How cybercriminals earn money

The report says that cybercriminals make money through two ways. One is by selling stolen data on dark web marketplaces and the other deals with ransomware attacks.

Cybercrime groups infiltrate systems to steal personal and financial data, login credentials, and corporate secrets, which are then packaged and sold to other threat actors, fueling crimes like identity theft, payment fraud, and corporate espionage.

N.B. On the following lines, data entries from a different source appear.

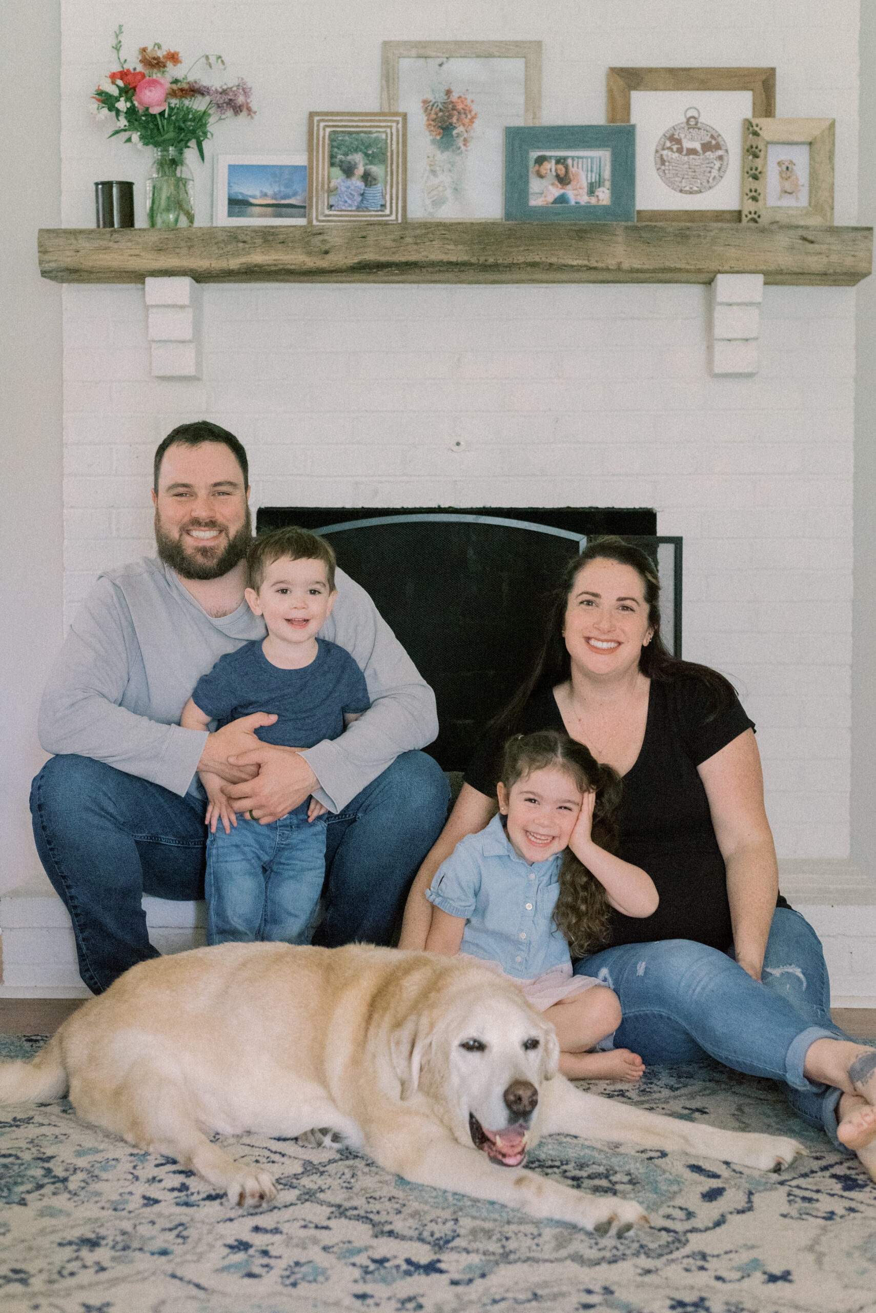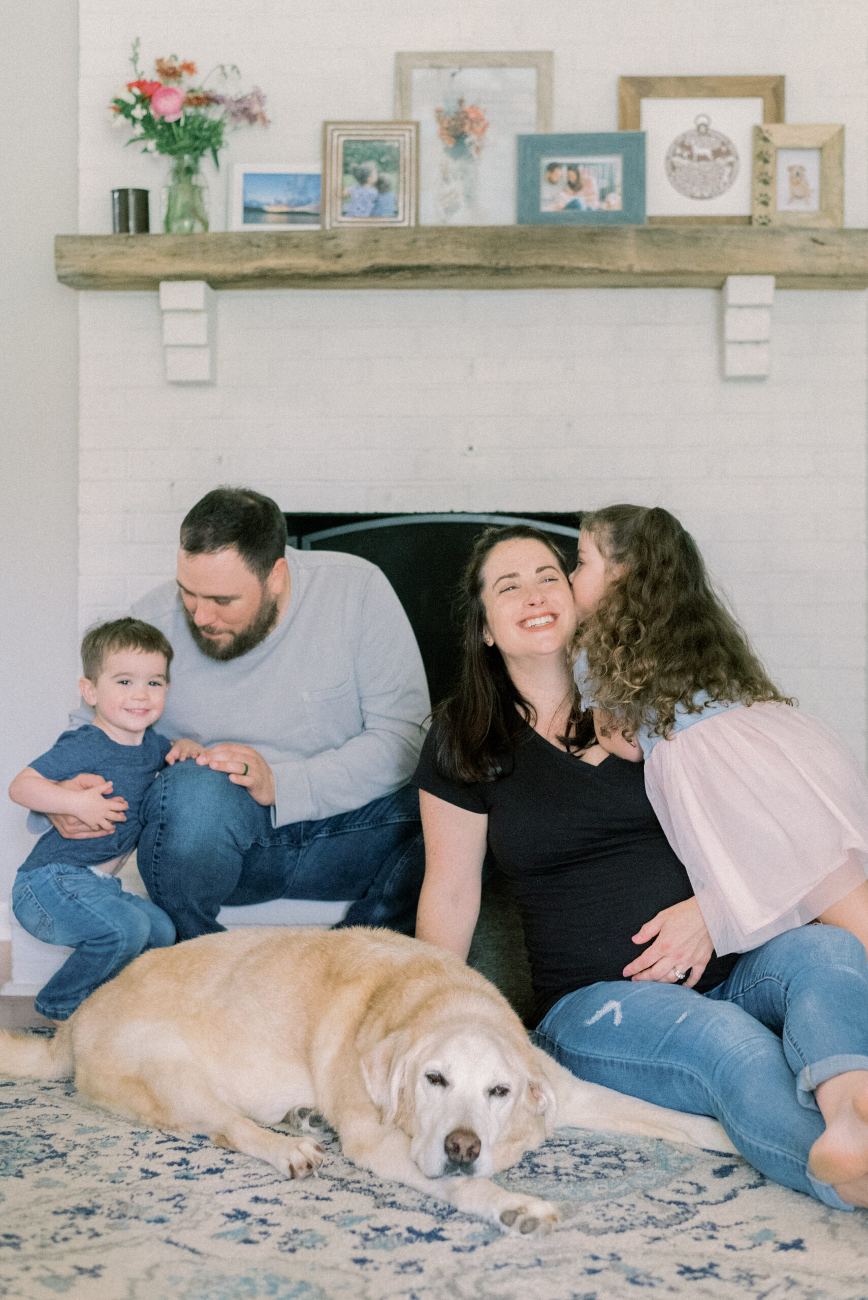 The session was simple. No fancy wardrobe changes. No elaborate styling. Just love and light and presence. We moved slowly, taking our time to soak in the weight of the moment. Nugget, though slowing down, curled up close to Sam’s belly as if he knew there was a new heartbeat in the room. The kids played and snuggled around their mama while Nugget rested nearby.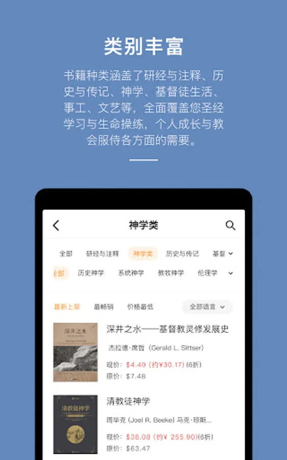 The Book app covers many high-quality and licensed Chinese Christian Books.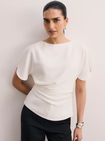 Inspired by the bestselling dress of the same name, the Clever Crepe Salerno top features beautiful curved sleeves that fall open like flower petals. It’s gathered into the side of the waist and cut a bit shorter in the body so that it sits at a flattering point on the hips, lending itself to all your favourite pants.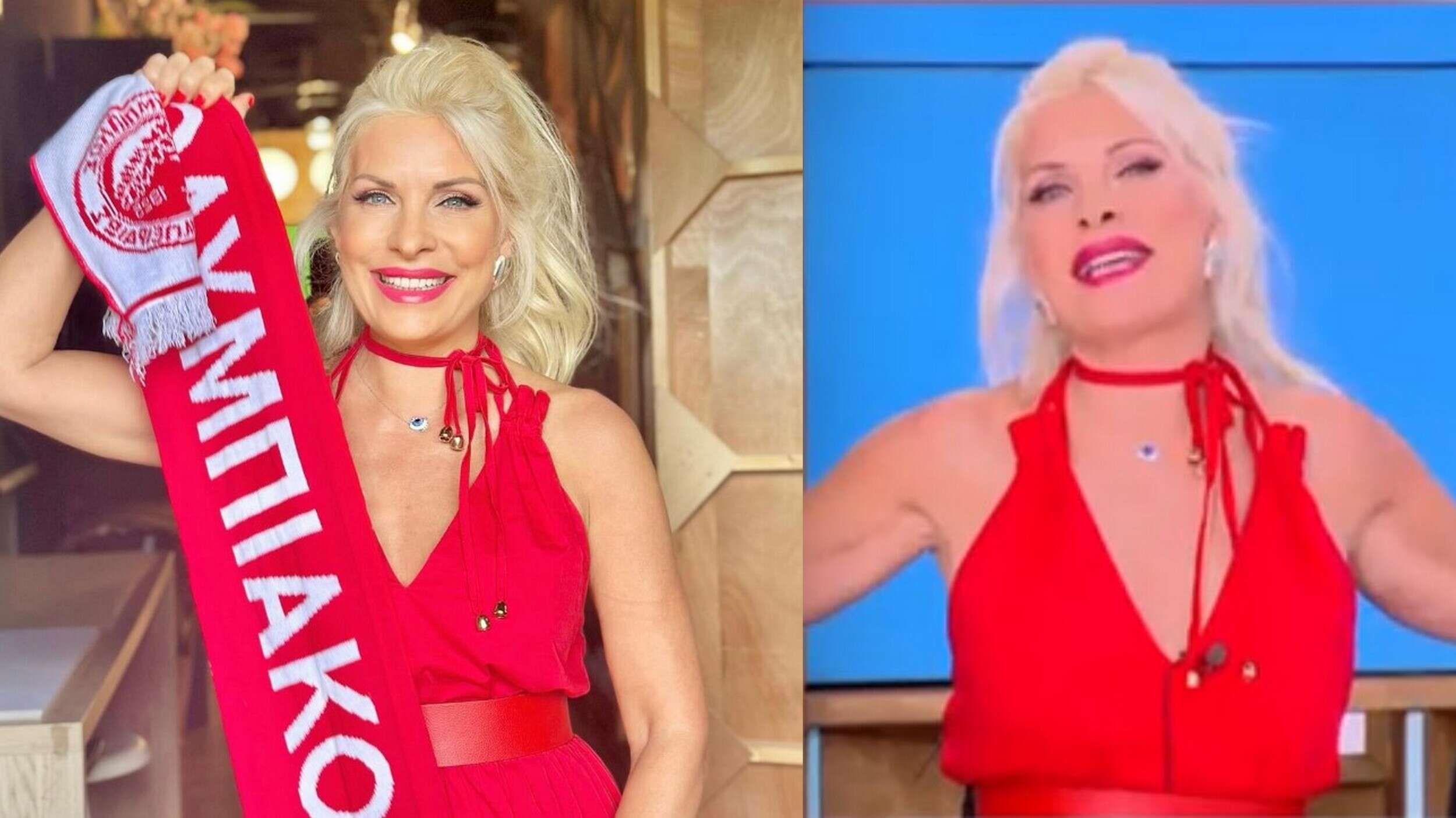 Η Ελένη Μενεγάκη εμφανίστηκε στα κόκκινα στην σημερινή εκπομπή της μετά την μεγάλη νίκη του Ολυμπιακού απέναντι στην Φιορτεντίνα.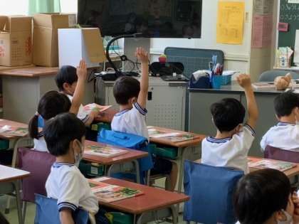 道徳で「ありがとう」「ごめんなさい」をどんな場面で言ったらいいか、言ったらどんな気持ちになるか、言われなかったらどんな気持ちになるかなどを考えています。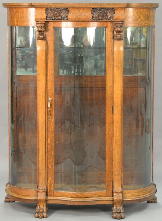 Oak Victorian china cabinet with serpentine door and bowed sides. ht. 69 in. wd. 53 in.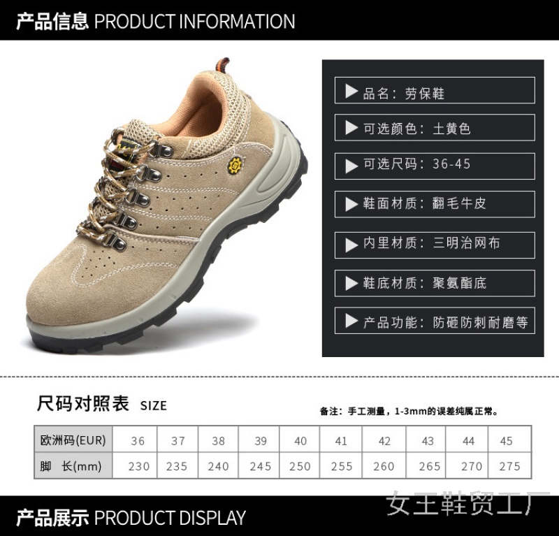 foreign trade large size wholesale spring and summer breathable anti-smashing and anti-stab safety shoes suede construction site men's shoes men shoe 中文版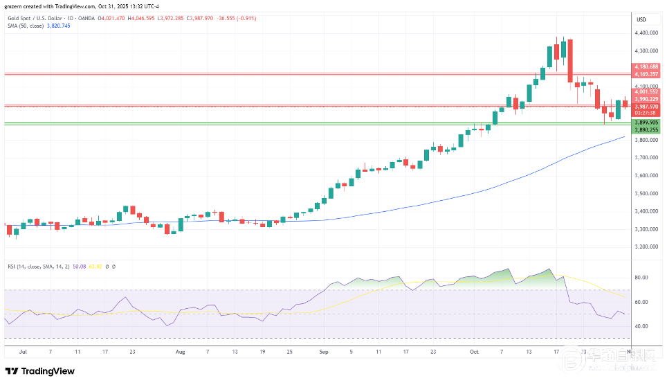 如果金价回落至3990美元下方,则将向最近的支撑位3890-3900美元区间移动。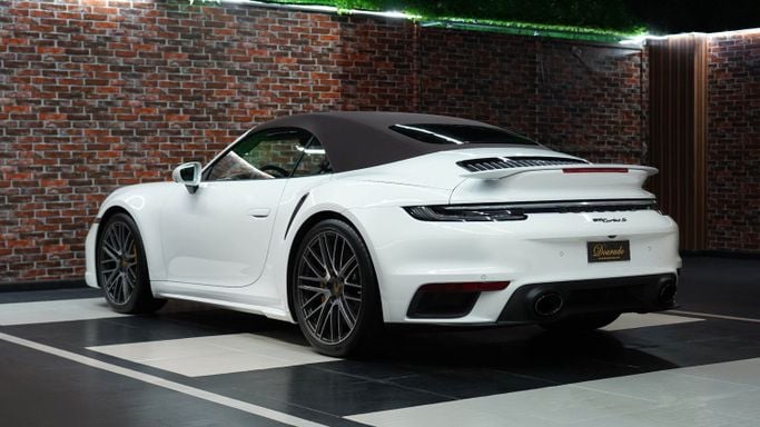 Porsche 911 Turbo S Cabriolet Brand New 2023 3.7L / 6 Cylinder 8 Speed Automatic Transmission 640 Horsepower 0 to 100 KM/H in 2.7 s Top Speed 330 KM/H All Wheel Drive European Specs Exterior Colour WHITE Interior Colour TRUFFLE BROWN -------- Additional Features ---------- - Sport design package 911 turbo (Porsche exclusive manufacture) - Air intake in the rear side panel painted in black colour - Door projectors lettering - Black belts - Lettering painted in black - 8-porsche dual clutch transmission PDK - PASM sport suspension - Sports exhaust system with tailpipe cove

Ransomware is used by hackers to encrypt an organisation’s systems and data, holding them hostage until a ransom fee is paid. Ransomware crews have disrupted businesses in various industries and governments, extorting millions. It has become a criminal enterprise, with operators renting malware and negotiating ransom payments through sophisticated infrastructures.

“With relatively low entry costs but higher income than traditional crimes, it’s no surprise cybercrime has become such an attractive criminal pursuit. There’s less physical risk than, say, burglary or armed robbery. With so much valuable data and systems to target across businesses, cybercrime has become a highly profitable illegal industry,’’ Salas adds.